◆ Information given:
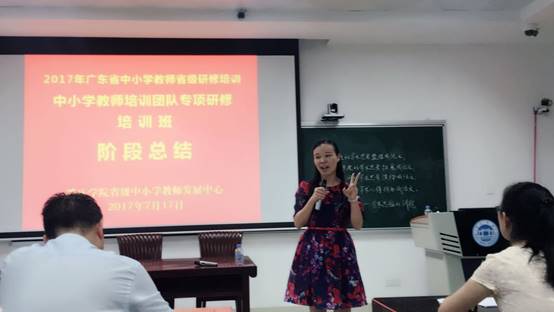 首先,小组代表分别进行总结报告。本次培训班共分为7个小组,各组学员代表分别上台发言。来自广州市海珠区海联路小学的刘伟栋老师作为第一组学员代表上台发言,他以“世间所有的相遇都是久别重逢”为开场,围绕“感恩”、“遇见”这两个关键词展开,与学员们分享了十天课程中的点滴收获和刻骨铭心的时刻;来自广州市从化区教育局教研室的马水莲老师作为第二组学员代表发表心得,马老师用“一培到底、一训有效”来总结本次培训的收获,引发了学员们的广泛共鸣;来自汕头市澄海实验小学的许巧玫老师作为第三组学员代表发表心得,许老师的发言铿锵有力且闪动着智慧,精彩的发言博得阵阵掌声;另外,还有来自高州市教育局研究式的林彩红老师、肇庆高新区龙湖小学的欧志安老师、茂名市茂南区教育局的黄珍宇老师、中山市三乡镇文体教育局的王建国老师等作为各组代表上台发言,大家发自肺腑的感言,或提纲掣领、或深度总结,或诙谐幽默、或感人至深,现场一度沉浸在学员们积极昂扬而又依依不舍的氛围中。
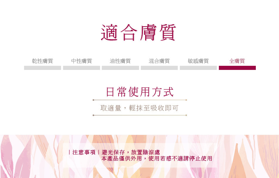 海藻 : 延緩肌膚老化,調理肌膚油水平衡,調整皮膚老化皺紋等問題肌膚。
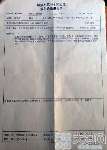 医生说,令人揪心的是她的脊柱问题,随着脊柱侧弯加重,她的肺功能将受影响,呼吸功能会变差。放射诊断报告显示,影花胸椎多个椎体发育畸形,导致重度脊柱侧弯,左下肢从髋关节到股骨、膝关节、足踝畸形。
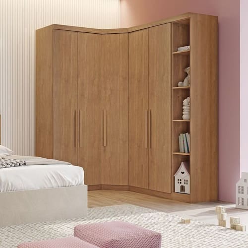 Modulado Completo De Canto Solteiro 5 Portas 6 Gavetas - Linea-Cumaru - Móveis Novo HorizonteO Modulado Solteiro Linea possui um excelente padrão de qualidade combinando com qualquer ambiente, agregando beleza e sofisticação. Possui vários compartimentos, espaço para peças penduradas e dobradas, além de nichos que podem acomodar bolsas, roupas de camas, sapatos, brinquedos, decorações e o que mais você precisar para um dia a dia mais prático. Super versátil e elegante, encaixando perfeitamente no seu espaço. Confira e aproveite!Faz parte do anúncio:1 Módulo Cantoneira1 Módulo Canto Oblíquio2 Módulos 2 Portas 3 GavetasObs: Objetos de decoração, cama e colchão não acompanham o produto.Particularidades do Modulado:Características:- 100% MDF- Excelente espaço interno- 8 prateleiras - 6 gavetas com corrediças telescópicas- 4 cabideiros de alumínio- Dobradiças de pressão 35mm Dimensão Total:Altura: 2,36 metrosLargura: 1,64 x 1,94 metrosDimensões Módulo Cantoneira:Altura 2,36 metrosLargura 29,8 centímetrosProfundidade: 56,5 centímetrosDimensões Módulo 2 Portas:Altura 2,36 metrosLargura 80,4 centímetrosProfundidade: 56,5 centímetrosDimensões Canto Oblíquio:Altura 2,36 metrosLargura 82,7 centímetrosProfundidade: 69,5 centímetrosFIQUE ATENTO: Verifique se as medidas disponíveis do seu espaço são compatíveis com as medidas do modulado.Informações Importantes:.- Produtos podem apresentar diferenças de tonalidades entre a foto na tela e o produto real, devido a calibração de cor de tela.- Limpar com flanela ou pano macio. Não utilizar álcool. Não utilizar produtos abrasivos ou corrosivos.- Nós prezamos pela qualidade da entrega em primeiro lugar, trabalhamos com transportadoras altamente selecionadas e os melhores materiais de embalagem.- A montagem é de total responsabilidade do comprador. Antes de comprar, verifique o espaço disponível para a montagem.- Certifique-se de que o produto caiba em elevadores e vãos de escadas, não fazemos içamentos. Quaisquer despesas deste tipo ficam a cargo do cliente- Garantia de 3 meses contra defeitos de fabricação.
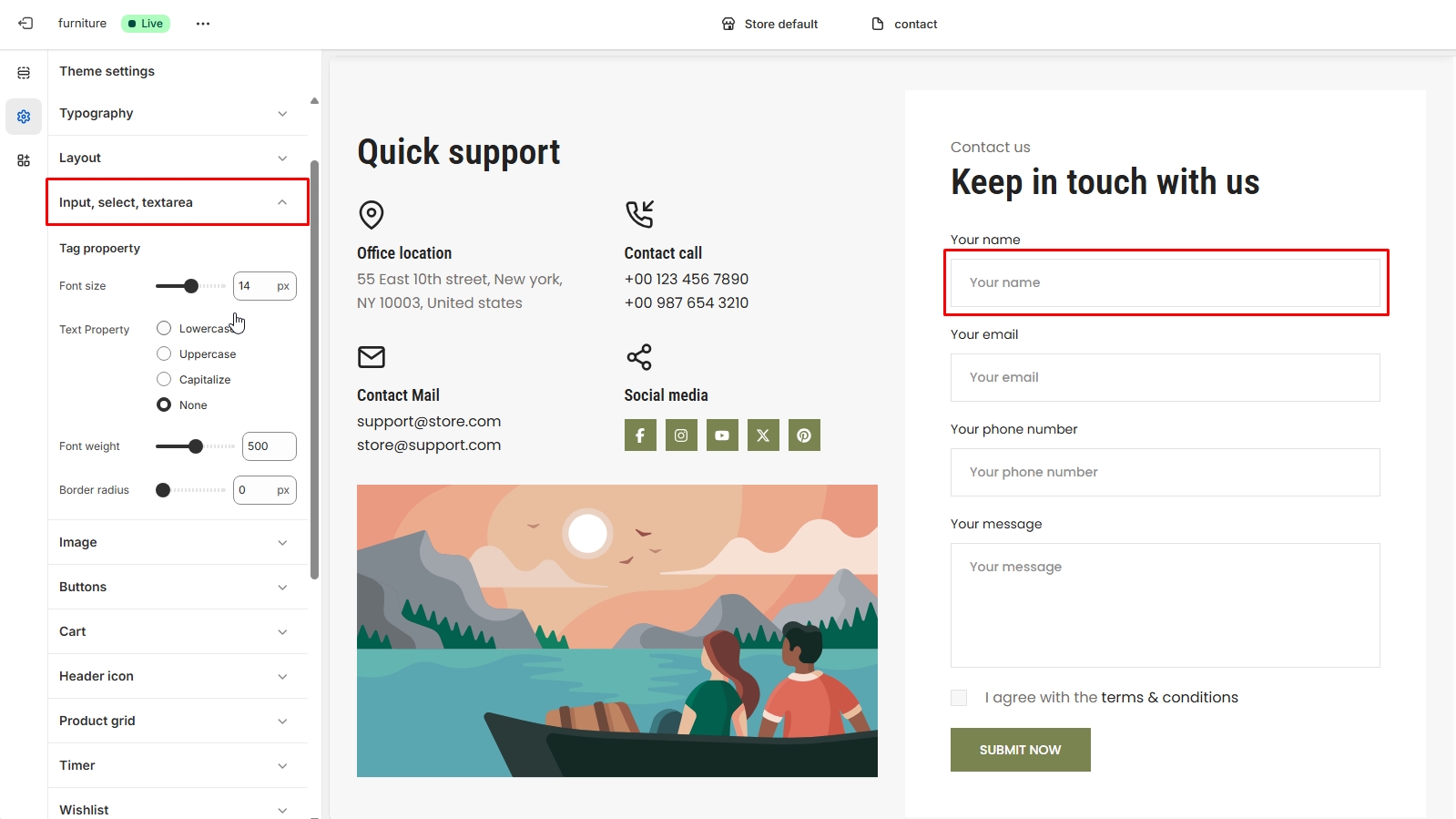 Text Property: You can adjust input text property.
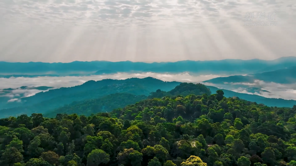 照耀在景迈山连绵起伏的山峦上
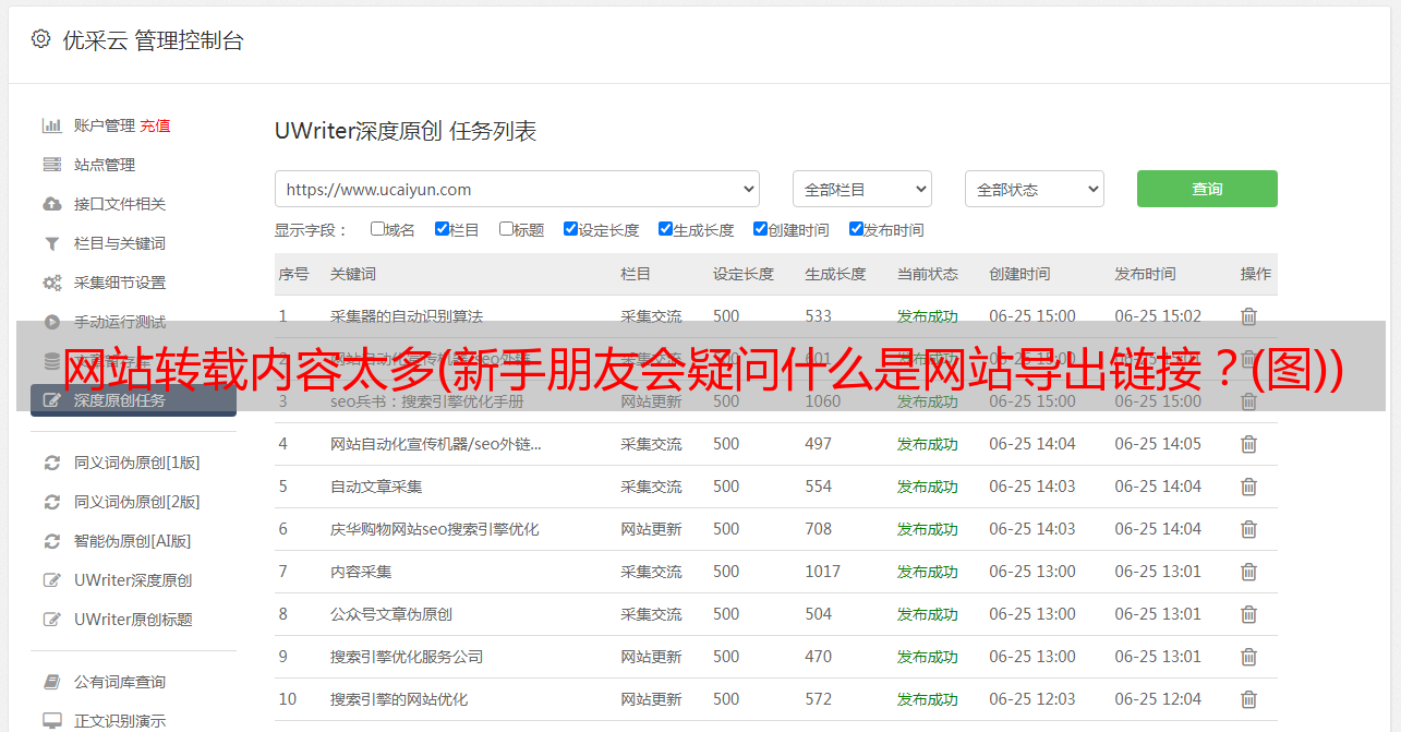 优采云 发布时间: 2022-01-06 20:17网站转载内容太多(新手朋友会疑问什么是网站导出链接?(图))

◆ Work instruction:
Pictures are to be omitted. Output verbatim only the lines from the one holding "照耀在景迈山连绵起伏的山峦上" through the end of the material, both included.

◆ Task solution:
 照耀在景迈山连绵起伏的山峦上
 优采云 发布时间: 2022-01-06 20:17网站转载内容太多(新手朋友会疑问什么是网站导出链接?(图))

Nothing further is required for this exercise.